On this page we simulate correction of beam hardening artifacts using CT Recon's second order slider and Linearization Fitter's 1-6th order fit.

Both the CT_Recon slider and the Linearization Fitter give improved estimates of linear attenuation when the X-ray spectrum is made more monochromatic by increasing the filtration. The Scanner Setup plugin can help optimize the imaging conditions. In real CT systems it may be possible to reduce the attenuation error below the S/N of the measurement.

It is important to note that the validity of a linearization correction can vary significantly depending on the specimen spatial and compositional heterogeneity. You can use your images or the ImageJ drawing tools and the Material Tagger plugin to construct test cases to explore the limitations of linearization. For a more detailed discussion of the correction of beam hardening artifacts by linearization with references to other methods see for example Van Gompel et.al.

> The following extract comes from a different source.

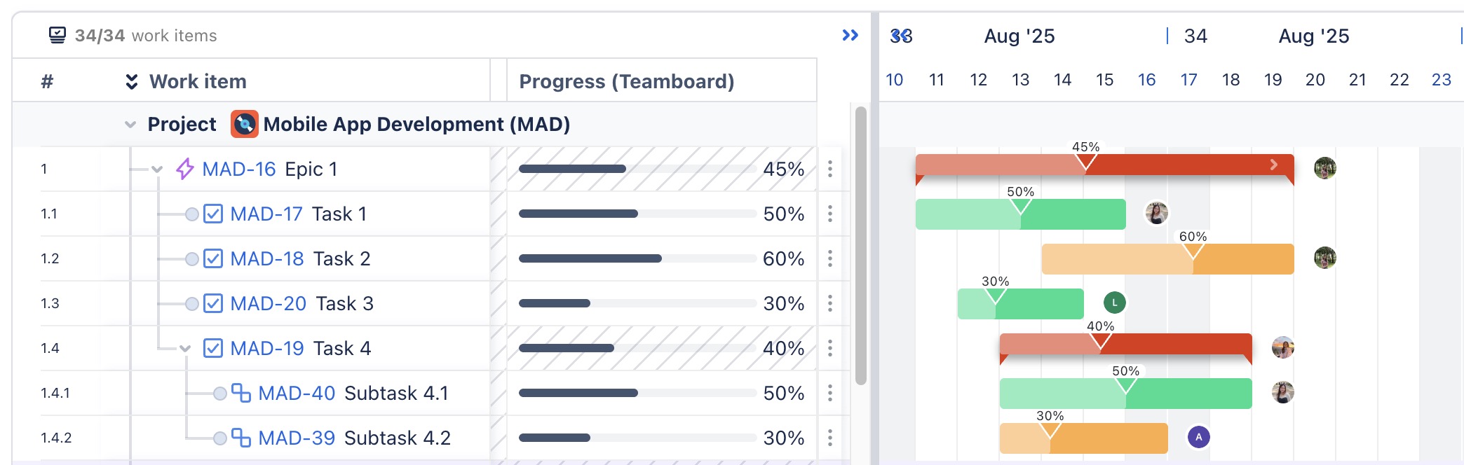 TeamBoard ProScheduler supports automatic progress calculation using Jira’s Time Spent fields. Use this method when your team relies on Jira time tracking to measure task completion.

Example-1: Linearization using the CT_Recon Slider of a two material tubular specimen.
Example-2: Linearization using the Fitter and Apply Plugins on the same specimen as example-1.
Example-3: Linearization using the CT_Recon Slider on a three material complex specimen
Example-4: Linearization using the Fitter and Apply Plugins on the same specimen as example-3.

Example-1: Linearization using the CT_Recon Slider of a two material tubular specimen.

Simulation: Stainless steel tube 0.46cm OD x 0.38cm ID plugged with quartz


CT Recon Using Beam Hardening Slider
Dialog settings(left), Sinogram(center), Reconstructions(right): Slider=0(top) and Slider=0.66(bottom)
The plot below shows how the reconstructed tube profile along the red line changes with slider position. The best profile was obtaind at a slider position = 0.66.
Profiles along the red line for several slider values
In this example we know the composition and density of the materials. We can obtain effective energies from the quartz and tube linear attenuations using the X-ray MuLin Lookup and X-ray Ratio Lookup plugins. The first row in the table below shows that the energies are different but are brought into agreement in the second row by scaling the μlin values by a constant.
Effective energy before and after image scaling
Scale Factor Tube μlin Quartz μlin Tube Eff keV Qz Eff keV Qz:Tube μlin Ratio Eff keV
1.000 8.331 0.805 59.6 51.9 67.3
0.746 6.216 0.600 67.4 67.4 67.4

This scaling method is probably unique for two material systems. Example-3 shows that scaling will not always produce a clear result but can be used to evaluate and minimize attenuation error.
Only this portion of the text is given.